The easiest way to understand the root cause of a problem is to think about common problems.

Examples,
- If a person falls ill, he'd go to a Doctor and describe his or her symptoms to the Doctor, and the Doctor inturn would find the root cause of the illness.
- If the car stops working, a mechanic would find the root cause of the problem.
- Same would be the case in a business, if the business is underperforming, a person or a group of people will be tasked to find the root cause of the underperformance.

# Goal Of RCA
- The first goal of RCA is to discover the root cause of a problem or an event.
- The second goal is to fully understand how to fix, compensate or learn from any underlying issues within the root cause.
- The third goal is to apply whatever has been learnt from the analysis to systematically prevent future issues or to repeat successes.

Within an organization, problem solving, incident investigation and root cause analysis are all fundamentally connected by 3 basic questions,
1. What is the problem?
    - Define the issue or the problem by its impact on overall goals.
2. When did it occur?
    - List the potential factors that could cause the problem.
    - Investigate each one of them and determine the root cause of the problem.
3. What should be done to prevent it from happening again?
    - Prevent any negative impact by selecting the best solution.

# Life Cycle Of RCA
1. Clarify:
    - Ask questions to get enough clarity on the problem.
    - Clarify terms and set up parameters for discussion.
    - Create an outlier of approach that will be followed.
2. Rule out:
    - Explore the possibilities and list some high level causes.
    - Discard issues that seems to be out of scope.
        - Check the underlying data to make sure it is accurate.
        - Make sure there are no technical issues, glitches, bugs or outliers.
    - List the observations and start diagonising the root cause.
3. Internal factors:
    - Consider any recent features or products that were launched.
    - Look for any recent changes made by other teams.
    - Slice and dice the data into segments based on user demographics.
4. External factors:
    - Look for any bad PR or controversy related to the company.
    - Look for any changes in user behavior customer trends.
    - Look for macroeconomic or geographical changes.
    - Conduct a cometitor analysis.

Based on the analysis a point of issue or error will eventually be found that can be further investigated based on its type.
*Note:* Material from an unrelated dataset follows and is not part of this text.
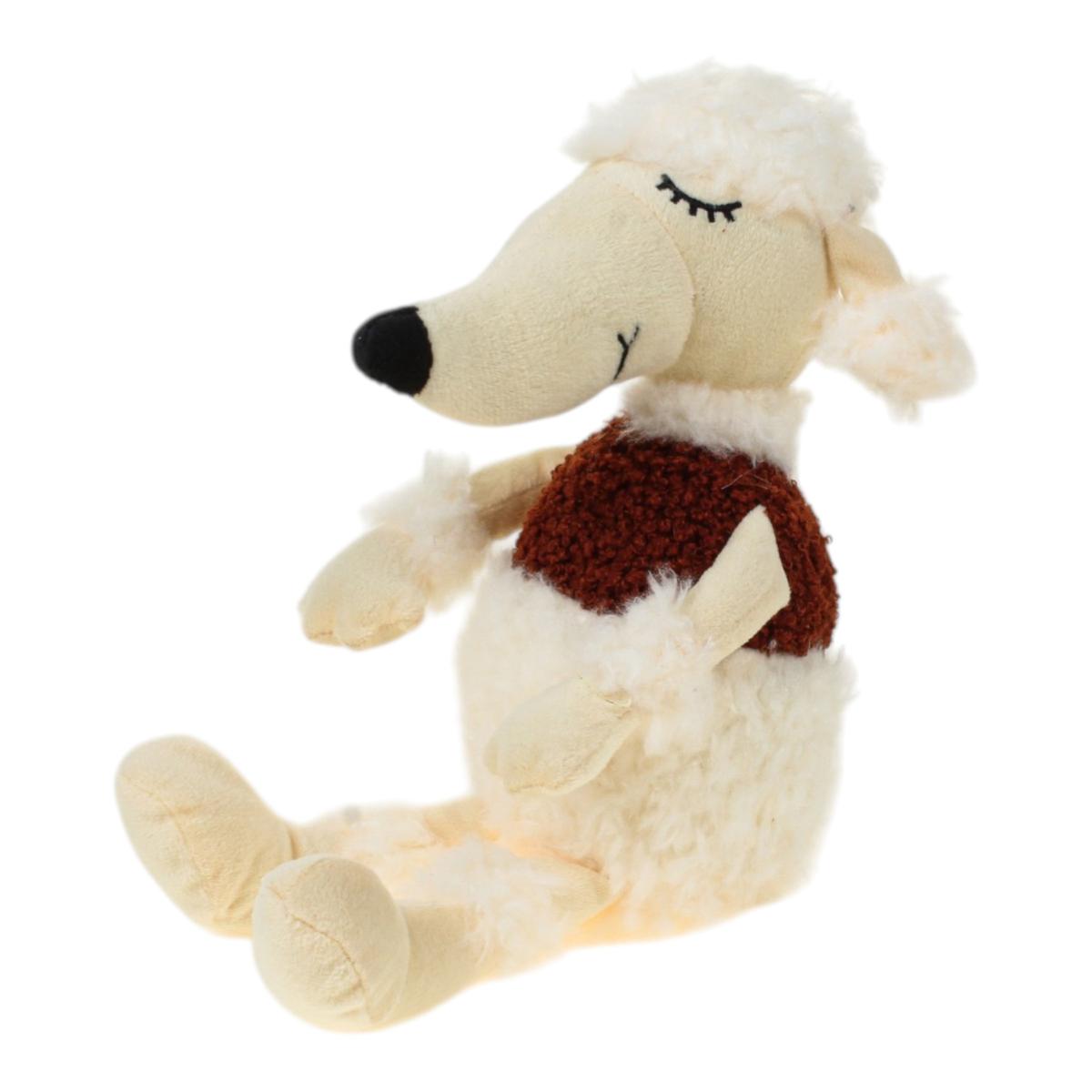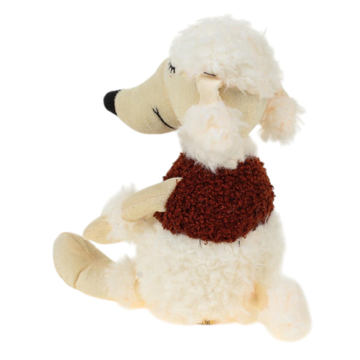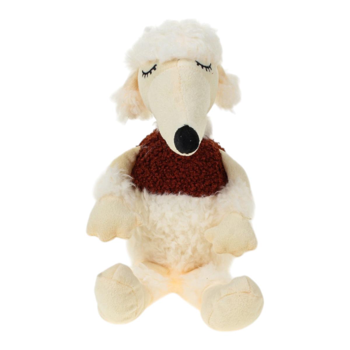 - Приятная текстура: Сочетание гладкого светло-бежевого материала и пушистого белого вьющегося ворса на голове, ушках и лапках радует разнообразием тактильных ощущений.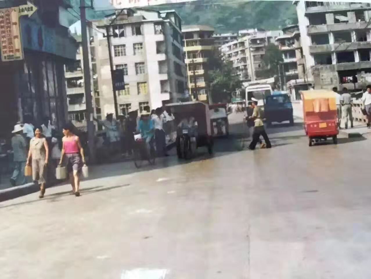 曾经的鹤峰城 白鹤饭店门口(资料图片 鹤峰县档案局提供)

A conclusion can later be reached on how to address the problem.

Note that all the findings should be captured and reported. The size of the finding can be small to large, in other words all the findings insignificant of their size should be captured.
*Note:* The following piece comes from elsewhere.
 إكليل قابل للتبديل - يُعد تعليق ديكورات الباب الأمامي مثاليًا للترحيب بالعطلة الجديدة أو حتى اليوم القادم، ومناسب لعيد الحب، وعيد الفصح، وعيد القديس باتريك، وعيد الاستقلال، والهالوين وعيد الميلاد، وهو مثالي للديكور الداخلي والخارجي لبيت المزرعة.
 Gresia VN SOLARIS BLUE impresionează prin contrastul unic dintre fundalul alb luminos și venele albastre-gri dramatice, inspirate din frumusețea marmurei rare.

# Product Diagnostics (Analyzing A Metric Change)
### Example case
How should the investigation go about if the percentage of users who clicked on a search result about a Facebook event increased 15% week-over-week.

General framework (CRIED)

### Clarify
Ask clarifying questions and share the thoughts about it. Below is an example of how to drive a discussion with an interviewer.

What does a search result for an event mean?
- Does it refer to when a user searches for something in the search bar on Facebook and the results produce a Facebook event?
- These search results could belong to different categories like a Facebook event, page or group and success is defined when a user clicks on an event.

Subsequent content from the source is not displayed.